What do you think about going after Zach Randolph?

The trade would be something like Wallace, Wally and another expiring for Randolph and some combination of Richardson/James/Jeffries.

You would get another legitimate offensive threat to put next to LeBron. He's a poor defender and he's not a great passer, but he can score from the block and hit the mid-range jumper.

The downside is that it would clear capspace for the Knicks to go after LeBron.


----------



## Pioneer10 (Sep 30, 2004)

I don't think what you gain in offense makes up for in defense that Randolph brings. He's a pretty bad defender


----------



## Benedict_Boozer (Jul 16, 2004)

If the Knicks are willing to part with their 1st rounder in the deal, I'd be for it.


----------



## Ruff Draft (Nov 21, 2004)

Benedict_Boozer said:


> If the Knicks are willing to part with their 1st rounder in the deal, I'd be for it.

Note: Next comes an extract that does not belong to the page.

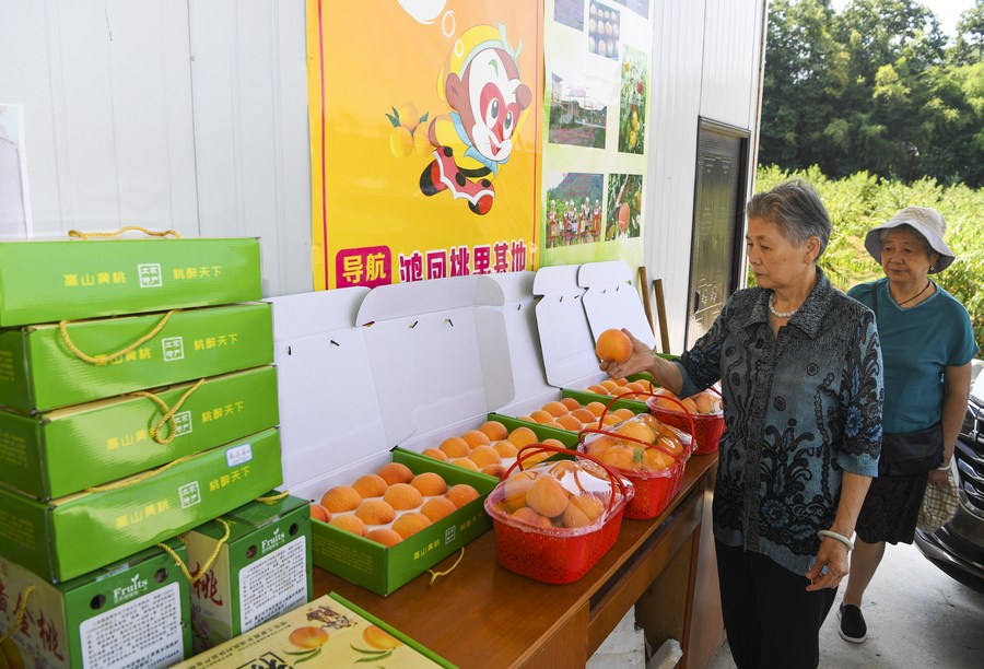 Tourists purchase peaches in Hongfeng Village of Henghe Tujia Township in Wanzhou District, southwest China's Chongqing, Aug. 3, 2022. (Xinhua/Wang Quanchao)

That's the only way I could ever accept Randolph. Like a hot pile of garbage with a cherry on top.


----------



## TwinkieFoot (Jul 8, 2006)

Benedict_Boozer said:


> If the Knicks are willing to part with their 1st rounder in the deal, I'd be for it.


Remind me how does giving up a 20 and 10 big man that is 25 years old along with a top 5 pick make sense? 

As many problems as Randolph has, he could be worth the gamble. Mike Brown has proven to be something of defensive minded hard *** that might get Randolph too at least show some effort there. He is just 25 years old and might benefit from a no nonsense kind of coach like how Mark Aguire did when he was traded from Dallas to the Pistons. Considering all your giving up were unproductive role players assigned huge contracts, I think the deal is at least workable. Defense should be one of the last things your worried about because your already a good defensive team and one guy can do very little to change that. Defense is a team achievement which is evident from the Celtics and what they did this year without having a slew of talented defensive players.


----------



## Ruff Draft (Nov 21, 2004)

TwinkieFoot said:


> Remind me how does giving up a 20 and 10 big man that is 25 years old along with a top 5 pick make sense?
> 
> As many problems as Randolph has, he could be worth the gamble. Mike Brown has proven to be something of defensive minded hard *** that might get Randolph too at least show some effort there. He is just 25 years old and might benefit from a no nonsense kind of coach like how Mark Aguire did when he was traded from Dallas to the Pistons. Considering all your giving up were unproductive role players assigned huge contracts, I think the deal is at least workable. Defense should be one of the last things your worried about because your already a good defensive team and one guy can do very little to change that. Defense is a team achievement which is evident from the Celtics and what they did this year without having a slew of talented defensive players.


I sense he was being sarcastic. If there is team out there that could get Randolph and not be totally screwed, one of them would be Cleveland.


----------



## TwinkieFoot (Jul 8, 2006)

Ruff Draft said:


> I sense he was being sarcastic. If there is team out there that could get Randolph and not be totally screwed, one of them would be Cleveland.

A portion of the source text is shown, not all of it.